Wednesday, March 16, 2011

In Provincetown, and Ohio, and Alabama - March 15, 2011



Death taps his black wand and something vanishes.  Summer, winter…branch of an oak tree…three just hatched geese.  Many trees and thickets…violets…

Lambs that, only recently , were gamboling in the field. And old mule, in Alabama, that could take no more of anything.  And then, what follows?  Then spring again, summer, and the season of harvest.  …..

More lambs and new green grass in the field, for their happiness until.  And some kind of yellow flower whose name I don’t know (but what does that matter?) rising around and out of the half-buried, half-vulture-eaten, harness-galled, open-mouthed (its teeth long and blackened), breathless, holy mule.


Not only in Provincetown, and Ohio, and Alabama, but I imagine ever where we looked we would see life sprouting from the ghastly evidence of death.  Why then do we accept life so well, and not so death?

Except that I doubt, given the amount of resistance to death if we are any more accepting of life.

How can we be when we spend the earth’s resources to prolong our lives 6 months more, perhaps, when children, birds, peoples, and forests are dying from our extraction economies?

How can we be for life when we seal our hearts from others, just so we can be safe, just so we can live? 

Living is all well and good, but what if to be safe we kill relationships, possibility, justice, and flourishing for all?  Is that living?

Maybe we just need to do some more timely dying – of bodies, of egos, of assumptions, of separation.

May I this day let the stubborn mule of my ways die.


What is your stubborn mule?


1 comment:

  1. My heart is sick as so few voices can be heard above the deafening apathy of the developed world to the crises of planet earth. In particular, I am frustrated by our country's deaf ear to global warming and our willingness to turn our backs on the rest of the world, who takes so little from the planet.

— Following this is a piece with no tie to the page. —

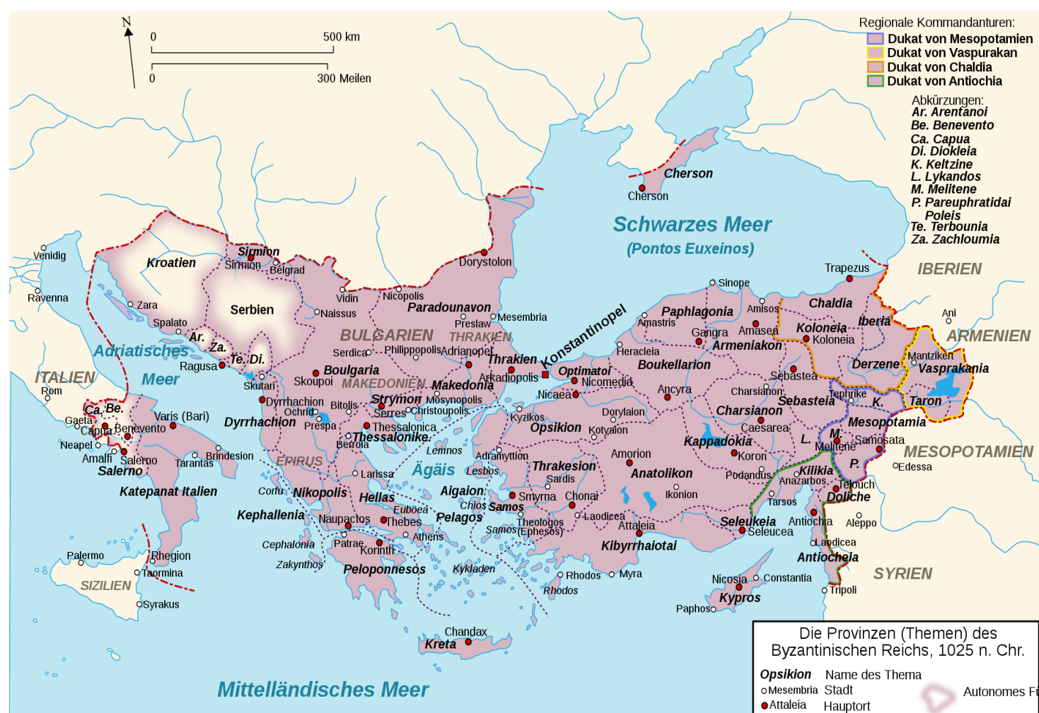
Das Byzantinische Reich um 1081, nach der türkisch-seldschukischen Landnahme Kleinasien, die der byzantinischen Niederlage bei Manzikert 1071 gefolgt war https://de.wikipedia.org/wiki/Byzantinisches_Reich#/media/File:Byzantium1081AD.PNG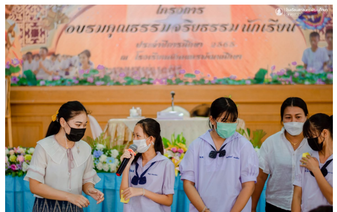
โครงการอบรมคุณธรรมจริยธรรมนักเรียน เพื่อส่งเสริมคุณธรรมจริยธรรมสามารถดำเนินชีวิตได้อย่างมีความสุข ณ หอประชุมพระธาตุจตุม โรงเรียนสกลนครพัฒนศึกษา

    In my little corner of western PA, the energy industry is preparing to sacrifce what is left of our clean, safe water to extract Marcellus Shale, very deep pockets of natural gas. To maintain our present gluttonous use of energy, politicians and businesses clamor to exploit what little is left..... for profit. Our greatest wisdom comes from our poets, writers and artists. Thankfully Mary Oliver sees hope and offers it to us in her words.

    Thank you LoraKim, for taking the time to share with us each day.